August 10, 2007, 5:24 PM

iago

[quote author=MyndFyre[vL] link=topic=16935.msg171488#msg171488 date=1186766662]
[quote author=iago link=topic=16935.msg171484#msg171484 date=1186752515]
This should grab the line with the IP, a sed can probably be used to get rid of everything else:

curl http://www.site.com | grep "[0-9]+.[0-9]+.[0-9]+.[0-9]+"

Or, if you prefer:

lynx -source http://www.site.com | grep "[0-9]+.[0-9]+.[0-9]+.[0-9]+"

[/quote]
A stricter version of this regex might be:
[code]
"(?:\d{1,3}\.){3}\d{1,3}"
[/code]
Note that \. should be escaped because "." matches any non-newline character, and that in C-based languages, you should double-up the backslashes.
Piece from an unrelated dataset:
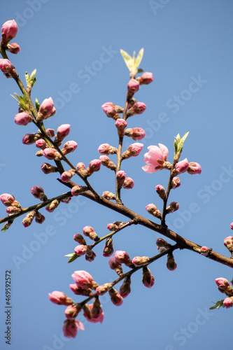 flower, peach, pink, pink, plant, wood, spring, season, bloom, pretty, sky, blue skies, background
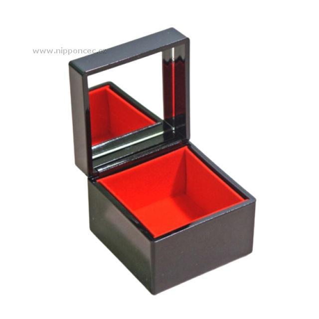 Malá šperkovnice o velikosti výšky 6,5 cm, šíře 8,5 cm, hloubka 8,5 cm. Uzavírací, z vnitřní strany víka je umístěno zrcátko. Vnitřní část je vystlaná karmínově červeným měkkoučkým sametem pro bezpečí vašich šperků. Lakovaný povrch s vysokým leskem s pěkným jemným motivem květů Sakury. Praktický a elegantní doplněk, který svou krásou potěší každou ženu.

The most strict version of this I can think of is:
[code]
(?:(?:25[0-5]|2[0-4][0-9]|[01]?[0-9][0-9]?)\.){3}(?:25[0-5]|2[0-4][0-9]|[01]?[0-9][0-9]?)
[/code]

Note that these are broken into non-capturing groups.
[/quote]

From a quick view, I don't think those regexes are compatible with Perl/sed's syntax, although I could be wrong.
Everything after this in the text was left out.